— To do —
For this exercise, return only the lines in the records below from the one holding "In our topic" through the one holding "CNC 조각기로 작업하는", including both, exactly as they appear and without pictures.

— Material provided —
════

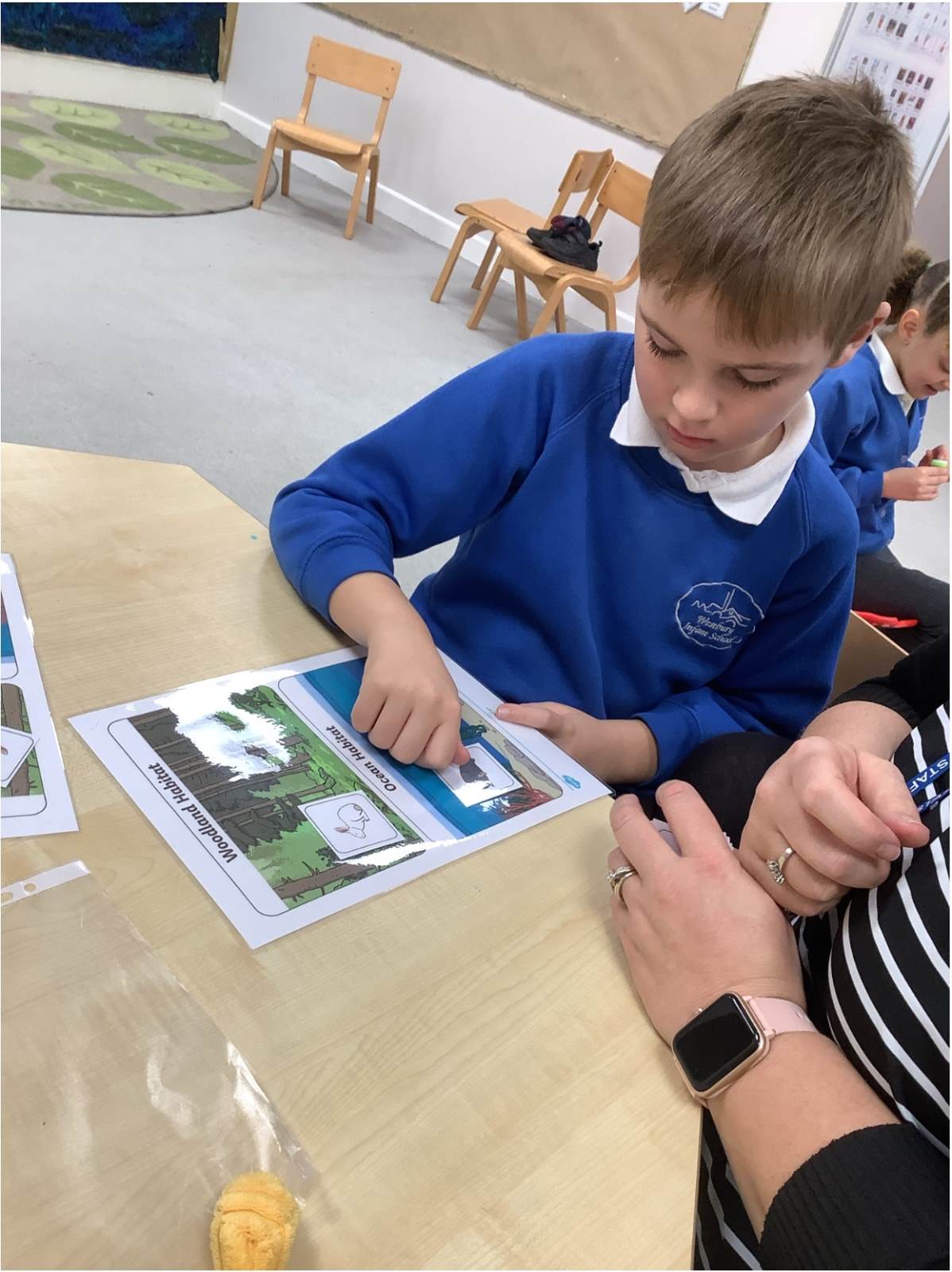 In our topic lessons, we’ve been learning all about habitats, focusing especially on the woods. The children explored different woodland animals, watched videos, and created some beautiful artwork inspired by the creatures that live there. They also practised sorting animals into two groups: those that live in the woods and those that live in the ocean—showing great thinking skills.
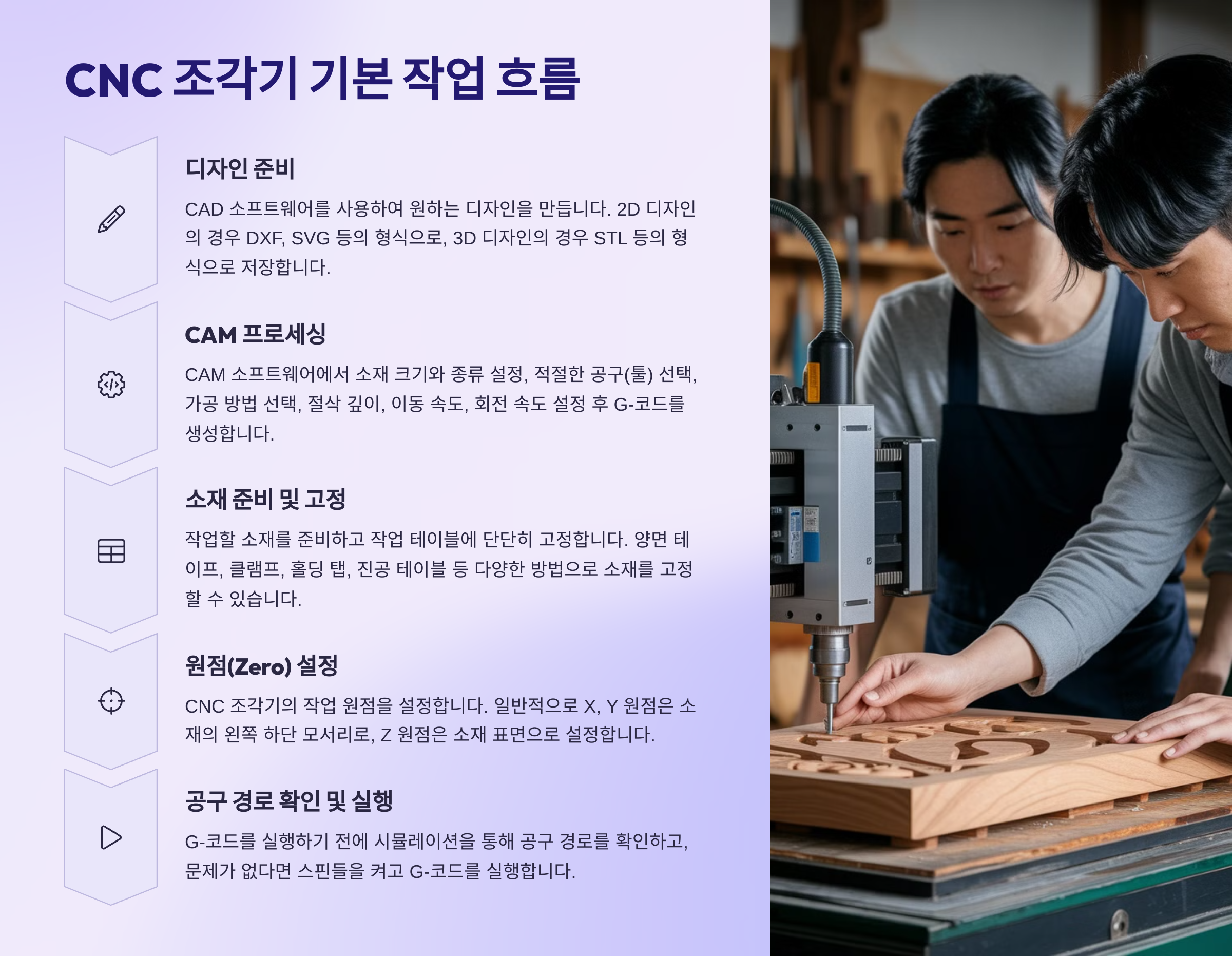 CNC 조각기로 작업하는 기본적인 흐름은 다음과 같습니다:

════

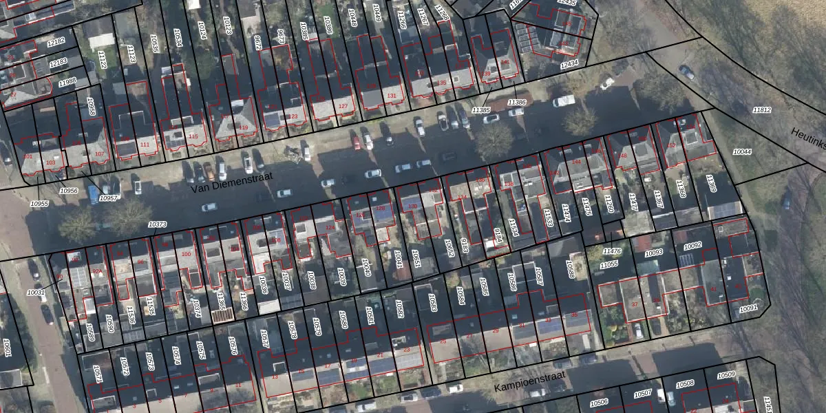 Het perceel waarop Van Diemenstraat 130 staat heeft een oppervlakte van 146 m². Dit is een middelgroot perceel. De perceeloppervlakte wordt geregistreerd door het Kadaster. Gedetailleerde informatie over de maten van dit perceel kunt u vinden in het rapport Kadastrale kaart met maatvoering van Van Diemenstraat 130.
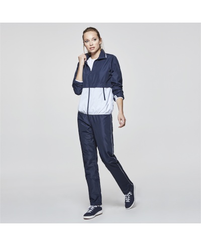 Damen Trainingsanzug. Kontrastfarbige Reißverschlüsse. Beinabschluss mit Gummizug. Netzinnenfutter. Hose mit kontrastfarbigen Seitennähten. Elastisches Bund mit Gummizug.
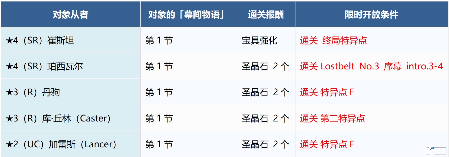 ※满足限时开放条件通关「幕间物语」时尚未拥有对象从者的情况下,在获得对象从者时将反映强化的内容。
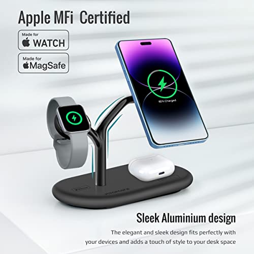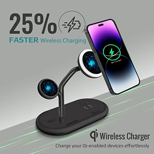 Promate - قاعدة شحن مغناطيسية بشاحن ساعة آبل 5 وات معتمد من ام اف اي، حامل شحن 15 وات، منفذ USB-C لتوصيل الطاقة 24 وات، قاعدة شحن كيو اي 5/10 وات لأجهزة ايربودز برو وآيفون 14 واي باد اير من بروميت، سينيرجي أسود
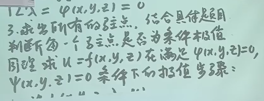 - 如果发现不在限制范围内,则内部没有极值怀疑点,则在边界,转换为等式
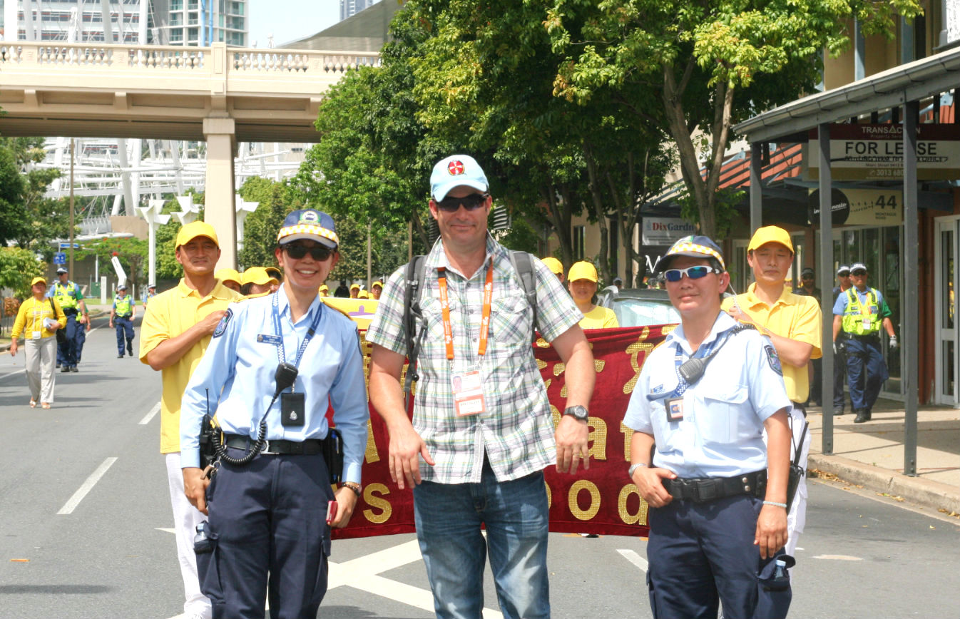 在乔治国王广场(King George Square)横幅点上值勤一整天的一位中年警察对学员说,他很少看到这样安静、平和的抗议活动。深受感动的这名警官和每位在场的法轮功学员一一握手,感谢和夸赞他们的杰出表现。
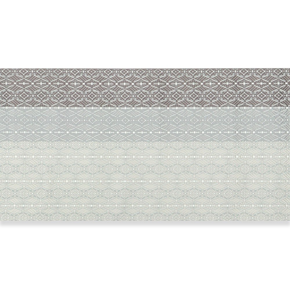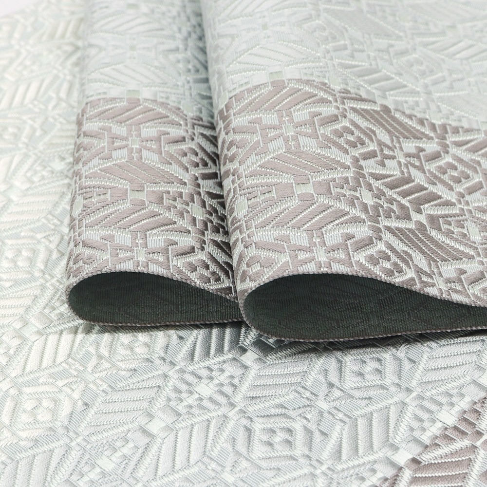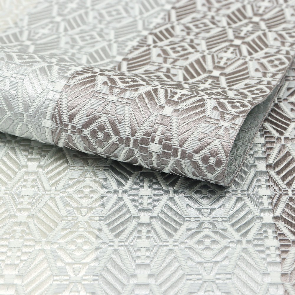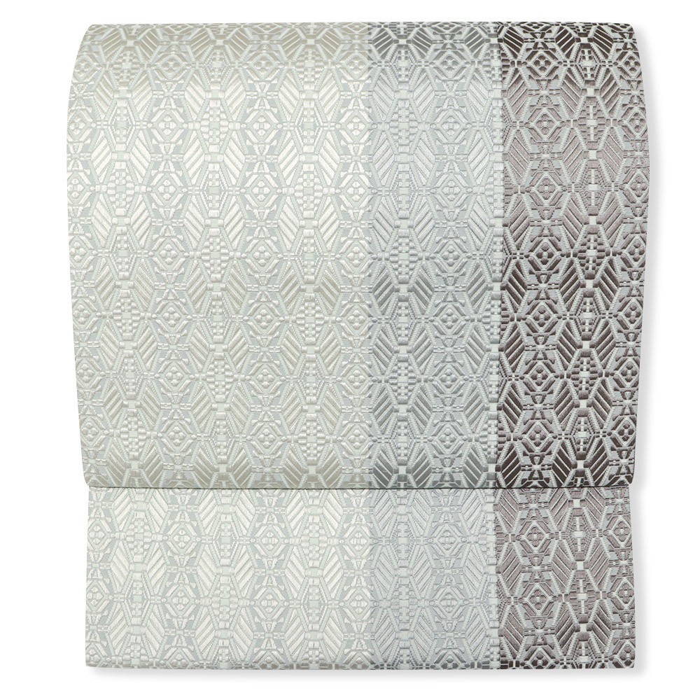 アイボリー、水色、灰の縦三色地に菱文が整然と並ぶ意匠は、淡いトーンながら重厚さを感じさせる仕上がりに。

════

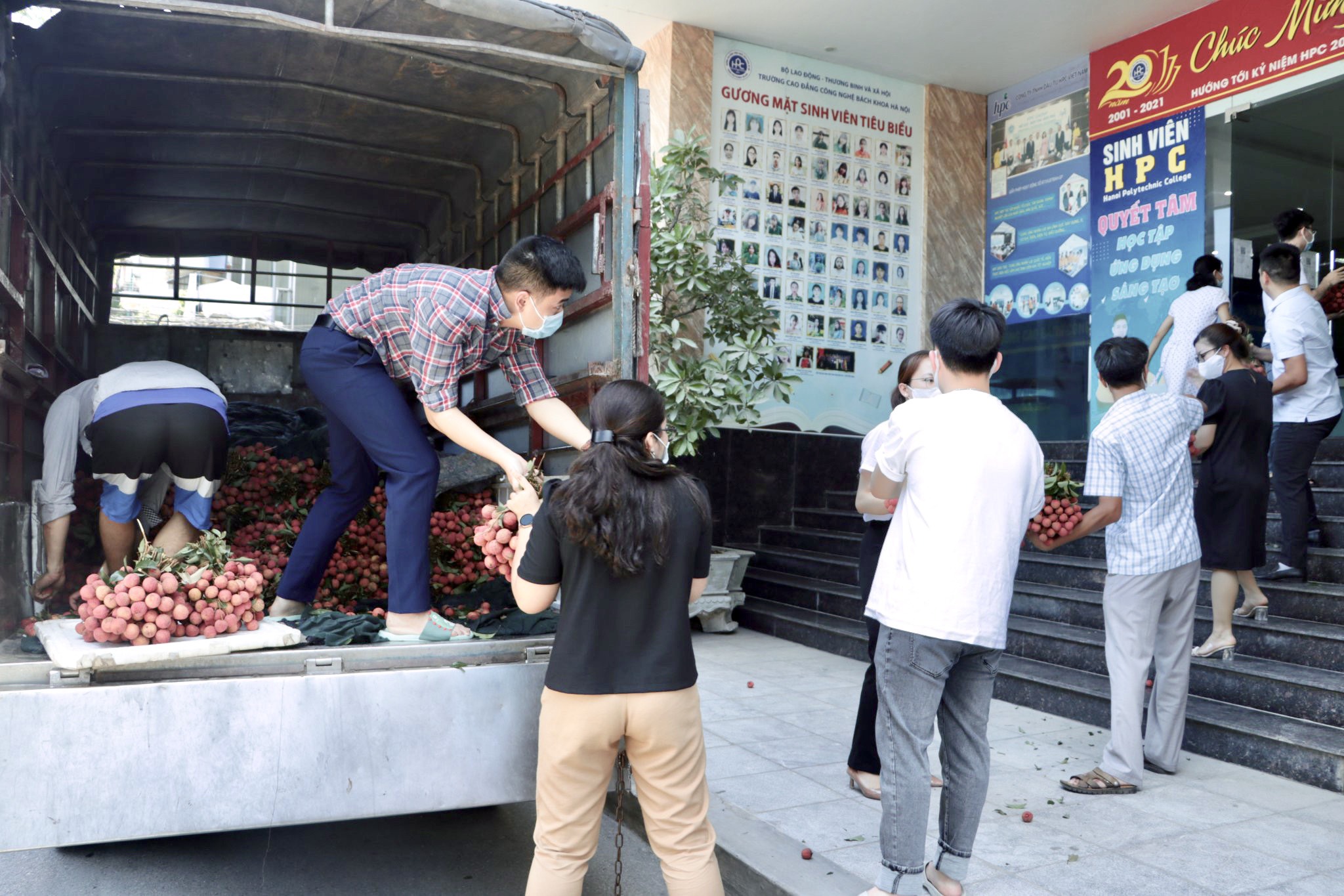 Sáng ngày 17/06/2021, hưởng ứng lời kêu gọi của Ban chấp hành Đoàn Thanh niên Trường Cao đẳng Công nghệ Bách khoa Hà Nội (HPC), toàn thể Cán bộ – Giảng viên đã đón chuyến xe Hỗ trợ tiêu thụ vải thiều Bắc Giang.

════

— Result of this exercise —
 In our topic lessons, we’ve been learning all about habitats, focusing especially on the woods. The children explored different woodland animals, watched videos, and created some beautiful artwork inspired by the creatures that live there. They also practised sorting animals into two groups: those that live in the woods and those that live in the ocean—showing great thinking skills.
 CNC 조각기로 작업하는 기본적인 흐름은 다음과 같습니다:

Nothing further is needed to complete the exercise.